Sunday, March 1, 1987

The Open City

Written in late 1986 for TWA Ambassador. Little did I suspect then that by the time it appeared, early the following year, my mother would’ve been diagnosed with a fatal brain tumor; I shut down my apartment in Amsterdam and moved back to the United States to look after her.

Nobody but the Dutch—or the many foreigners who have moved there—think of Amsterdam as the most cosmopolitan city in Europe. But after a year of living, and writing, in "the open city", I feel there is a convincing argument to be made. Shaped by the vulnerability of a small country continually overrun by foreigners, and the richness of a trading empire that fell gradually over three centuries, Amsterdammers were forced to adapt; and a city is, finally, its people.

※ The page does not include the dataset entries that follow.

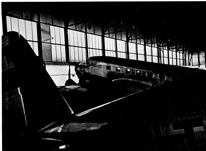
At Night the Big Birds are "At Rest."

Welch Wunderwerk ist die Steuermechanik mit all den Hebeln, Stangen, Wellen, Seilzügen, Rollen, Ketten, Trommeln und Spindeln. Wie viele Leitungen, Züge, Gestänge etc. sind für die Motorenregulierung nötig! Da ist ein hydraulisches System, das die Landeklappen und das einziehbare Fahrgestell bedient und bewegt. All das wird zerlegt und revidiert. Neu gedichtet muss es nachher wieder an seinem Platz sitzen. Und wer wusste denn, dass feste Verbindungen, Nieten, Schweissstellen, Schrauben nicht nur mit dem unbewaffneten Auge, sondern auch mit Lupen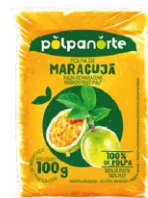
POLPA NORTE MARACUJÁ 100 GR 10UN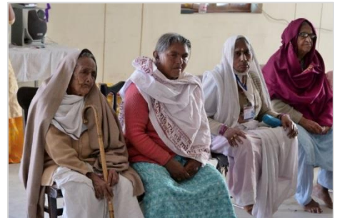
14. 西洋クラシック音楽に聴き入る女性たち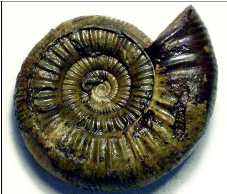
Choffatia sp Ø 65 mm Präp. u. Bild Arno Garbe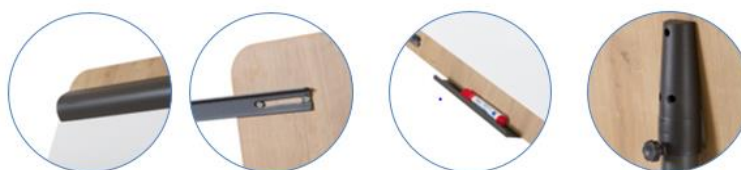
Serre-papier métallique 2 bras additionnels Porte stylo métallique Jonction plastique

Ne pas nettoyer avec un agent corrosif (alcool)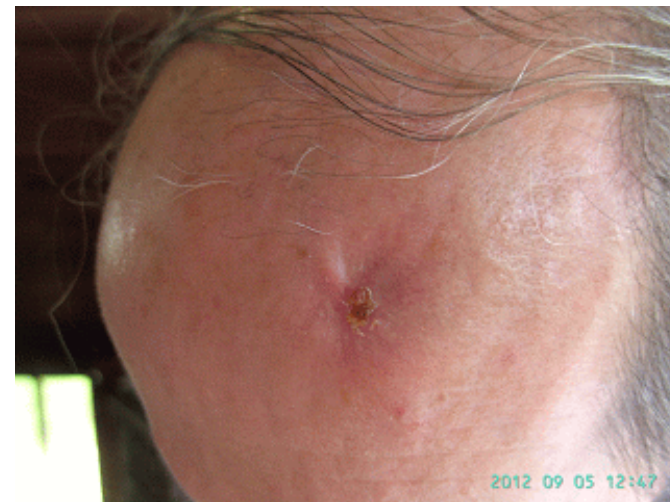
Figuur11 foto is vandaag gemaakt 05-09-2012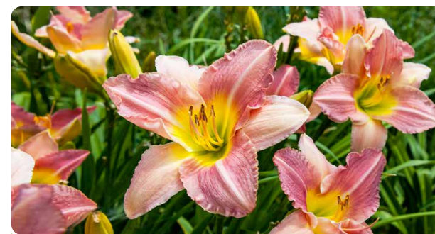
Rosatöne sind bei Hemerocallis erst durch intensive Züchtung entstanden. Unten: Mutterpflanzen braucht es in der Staudengärtnerei zur Vermehrung.

Für den bekannten Staudengärtner und -züchter Karl Foerster waren Hemerocallis die „Blumen des intelligenten Faulen“, da sie kaum Pflege brauchen. Gutes tun können Sie ihnen trotzdem, indem Sie ihnen im Frühling eine ordentliche (Voll-)Düngergabe verabreichen. Was den Standort betrifft, sind die Pflanzen recht anspruchslos. Sie wachsen fast überall, am besten jedoch auf nährstoffreichen, nicht zu trockenen Böden in voller Sonne bis lichtem Schatten. Im Schatten blühen die meisten Sorten nicht mehr zufriedenstellend. Sollten sich ältere Horste plötzlich blühfaul zeigen, ist es Zeit, sie zu teilen. So können Sie die Pflanzen gleichzeitig sortenecht vermehren. Die meisten Sorten lassen sich bei Bedarf ohne Probleme verpflanzen. Die üblichen sommergrünen Sorten sind absolut winterhart, die aus den USA stammenden (halb-)immergrünen nicht immer.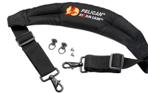
iM-STRAP-S-VER2 Bandoulière rembourrée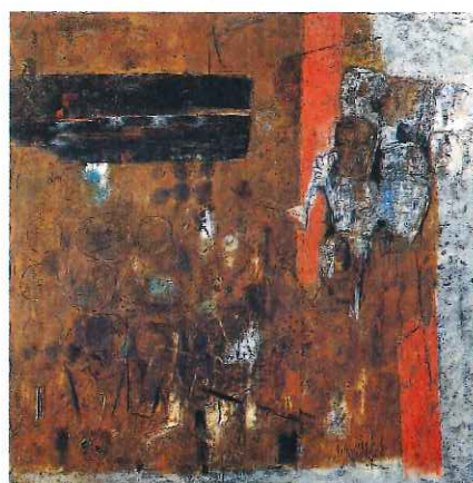
子供の一隅 [1965 130.3×130.3cm]

Smallness made them careful, hospitable, conversant; the world empire gave them balance, imagination, and a love of cash. The result today, if one follows Auden’s definition of civilization as "diversity attained and unity retained", is a splendid city, the most civilized I know.

I live in it as a stranger. A year ago, tired of New York and knowing I was ready for Europe but not wishing to take on another crashing capital like London or Paris, I chose little Amsterdam. My high-windowed apartment, full of the wet light that the Dutch landscapists made famous, looks out on a canal of swans and ducks and puffing tugs. It is inspiring and relaxing to live by water, a reminder of the sea and the world waiting out there; and this harmonic relation, a truce between land and water, has shaped the city’s philosophy.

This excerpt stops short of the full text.